The counsel for OP7 tendered affidavit Ex. RA of Sh. Yash Paul, Manager of OP7 along with document Ex. R1 is the copy of insurance policy w.e.f. 31.03.2016 to 30.03.2017 and closed the evidence.
11. We have heard the arguments of the counsel for the parties and also gone through the complaint, affidavit and annexed documents and written statements along with affidavits and documents produced on record by the parties.

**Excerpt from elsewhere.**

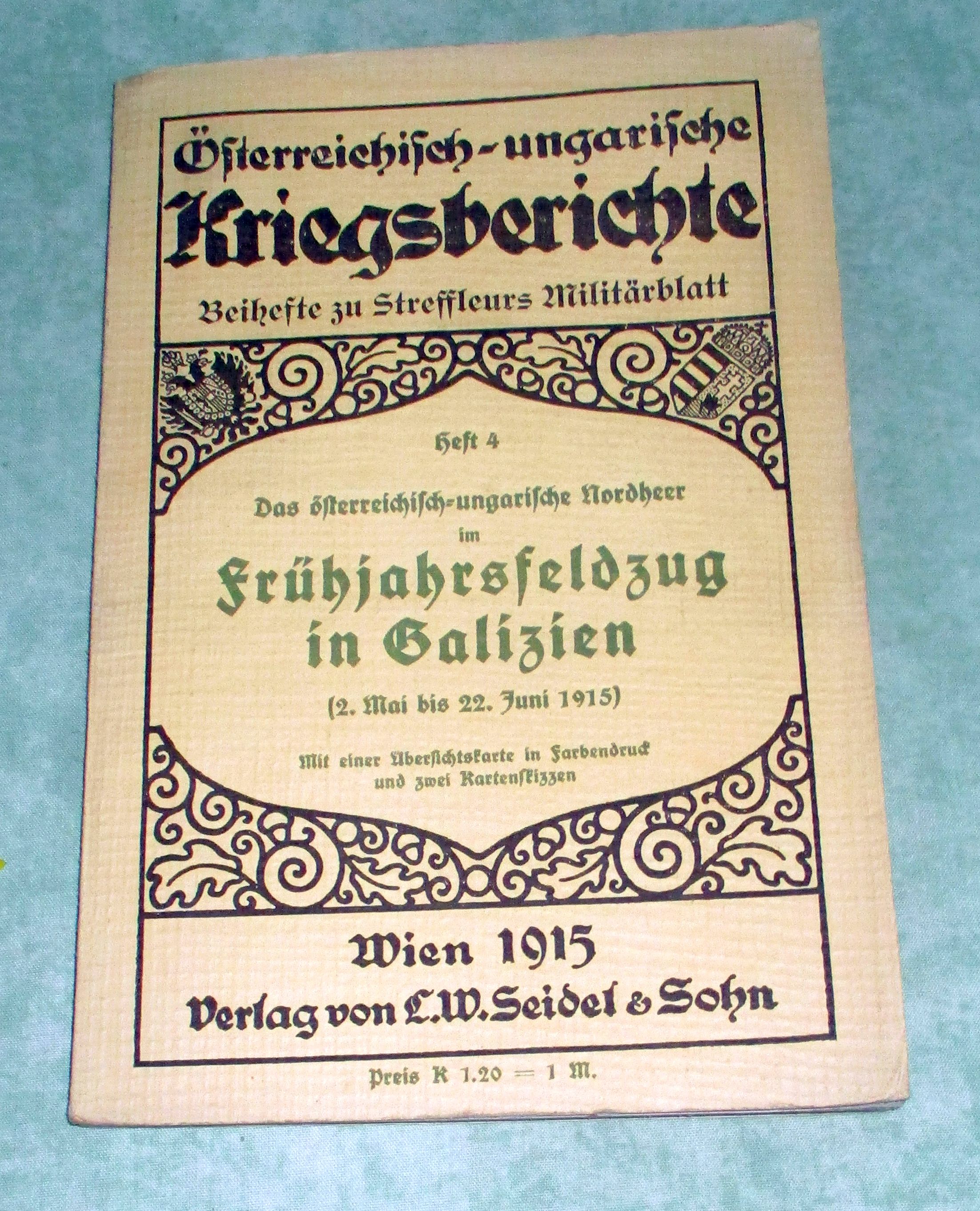 Österr. Heeres- + Marinegeschichte Das österreichisch-ungarische Nordheer im Frühjahresfeldzug in Galizien (2. Mai bis 22. Juni 1915) Wien. Seidel & Sohn. 1915. 62 Seiten, mit einer Übersichtskarte und zwei Kartenskizzen. kart. Österreichisch-ungarische Kriegsberichte Heft 4.

12. Admittedly, the complainant approached OP1 hospital due to heaviness in right trunk for 7 to 8 months where was examined in OPD by OP4 and diagnosed as a case of Amolio Chiari Malformation which is a development disorder involving Formaen-Magnum, Decompression and Duraplastic. OP4 referred the complainant to OP4, a Neurosurgeon, who performed surgery of the complainant for ACM & Syrinx. The complainant was discharged from the OP1 hospital in a satisfactory condition vide discharge summary dated 18.05.2016 Ex. R1 and he was advised follow up after 7 days in Ground Floor Neurology OPD Room No.023 with Dr. Deepinder Singh (OP3). The complainant claimed that his condition did not improve despite the surgery and medicine prescribed by OP3 to OP5 and despite his visit with OP3 and OP4 on numerous occasions for seven months. OP3 got conducted MRI scan of the complainant and after obtaining the report, suggested him for further surgery to solve his problem. Due to persistent problem, the complainant approached PGI, Chandigarh for consultation where after examination, the complainant was advised to take prescribed medicines on regular basis for his ailment as the same was not treated properly.

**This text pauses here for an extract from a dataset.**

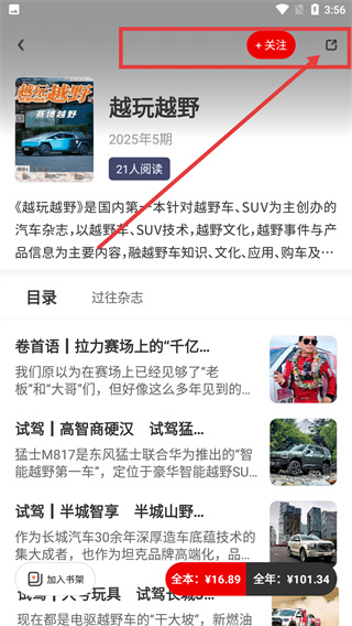 3、在雜志詳情頁面,點(diǎn)擊右上角分享圖標(biāo),調(diào)出分享渠道選擇彈窗。

13. The counsel for the complainant has drawn the attention of this Commission towards preoperative MRI Scan report Ex. C1 dated 11.05.2016, postoperative MRI Scan report Ex. C16 dated 28.07.2016 and Ex. C72 MRI Scan report conducted by PGI, Chandigarh on 14.04.2018 and contended that the postoperative scans are suggestive of the fact that despite surgery, the diagnosed ailment and defect remains the same. Had the doctors of OP1 hospital performed surgery diligently and prudently, there must have been substantial improvement and cure of the disease. On the other hand, the counsel for OP1 to OP5 refuted the contentions of the counsel for the complainant. The counsel for OP1 to OP5 further contended that the complainant was imparted with proper treatment and his surgery was performed by well qualified surgeon. It is the complainant, who did not approach them for follow up treatment even after lapse of 260 days. As such, there is no negligence or deficiency in service on their part.
14. Now the point of consideration arises whether OP1 to OP5 were negligent in performing surgery of the complainant?
15. Legally speaking, Medical negligence is a breach of a duty of care by an act of omission or commission by a medical professional of ordinary prudence. Actionable medical negligence is the neglect in exercising a reasonable degree of skill resulting an injury to such person. The standard to be applied for adjudging whether the medical professional charged has been negligent or not, in the performance of his duty, would be that of an ordinary competent person exercising ordinary skill in the profession. The law requires neither the very highest nor a very low degree of care and competence to adjudge whether the medical professional has been negligent in the treatment of the patient.
A reference can be made to case titled as Jacob Mathew Vs State Of Punjab & Anr. 2005(2) Apex Court Judgments 136 (SC) whereby the Hon’ble Supreme Court of India summed up the law on medical negligence in the following words:-
“48. (1) Negligence is the breach of a duty caused by omission to do something which a reasonable man guided by those considerations which ordinarily regulate the conduct of human affairs would do, or doing something which a prudent and reasonable man would not do. The definition of negligence as given in Law of Torts, Ratanlal & Dhirajlal (edited by Justice G.P. Singh), referred to hereinabove, holds good. Negligence becomes actionable on account of injury resulting from the act or omission amounting to negligence attributable to the person sued. The essential components of negligence are three: 'duty', 'breach' and 'resulting damage'.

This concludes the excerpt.